Despite landing in rough terrain away from target zone, crew of spacecraft healthy and happy after mission that featured China’s first manual docking

Stephen Chen
30 June 2012
Shenzhou IX’s re-entry capsule undershot its touchdown target yesterday morning, landing in uneven terrain that the ground-rescue team took some time to reach, but the astronauts emerged healthy and smiling after their successful mission.

They landed in Inner Mongolia’s Siziwang region, “a bit west” of the designated landing zone, according to three space experts on a live broadcast by China Central Television.

Unlike previous flights that landed on flat ground, the crew found the re-entry capsule descending towards terrain with low hills, small basins and a dried up creek. Had they landed on a ridge, the capsule could have rolled a long way down, jolting the astronauts and damaging sensitive equipment, the experts had warned.
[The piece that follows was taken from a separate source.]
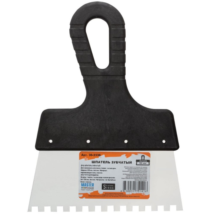 Купить Шпатель зубчатый Master Color 30-2336 150 мм зуб 6х6 мм по лучшей цене с доставкой - интернет магазин №1 в России

However, the capsule landed in the centre of a basin, its soft-landing rockets firing seconds before touchdown, and the capsule barely rolled before coming to a stop.

It took the three astronauts more than an hour to re-adapt to gravity. Only when they could stand up for at least half a minute by themselves did they crawl out of the capsule, with broad smiles. They were lifted onto chairs to receive flowers and greetings from ground personnel.

Senior Colonel Jing Haipeng, Shenzhou IX’s commander, said they had completed the mission objectives with “all-round success”, while Senior Colonel Liu Wang was glad it was over.

“It feels great to touch solid ground again,” Jing said. “It feels great to be home.”

Major Liu Yang, China’s first woman astronaut, said she had already begun to miss space.

“Tiangong [China’s orbiting space laboratory] is our home in space,” she said. “It is very cosy, very comfortable.”

The other crew members also set records, with Liu Wang becoming the first Chinese astronaut to fully control a spacecraft in a manual docking, and Jing the first to venture into space twice. His last mission was aboard Shenzhou VII in 2008.

The Tiangong I laboratory module provided enough room to conduct important experiments.

China plans to finish the construction of a full-scale space laboratory, weighting 60 tonnes, by about 2020, and scientists and engineers were keen to get scientific data collected by the crew as they lived and worked in the module. Scientists are working on the design of a space station where astronauts will be able to live for up to six months.

Liu Yang collected her crewmates’ brainwave activity while they were working or having a rest and the crew also discussed the pros and cons of Tiangong’s life-support facilities and interior-design features such as the sleeping chamber, fitness bikes and online entertainment system.

Wang Zhaoyao, director of China’s manned space programme office, told Xinhua that China was not in a race with other countries in space.

“We are not aiming to catch up with and surpass other countries, nor to compete with anybody else. We just develop the programme based on our own needs,” he said.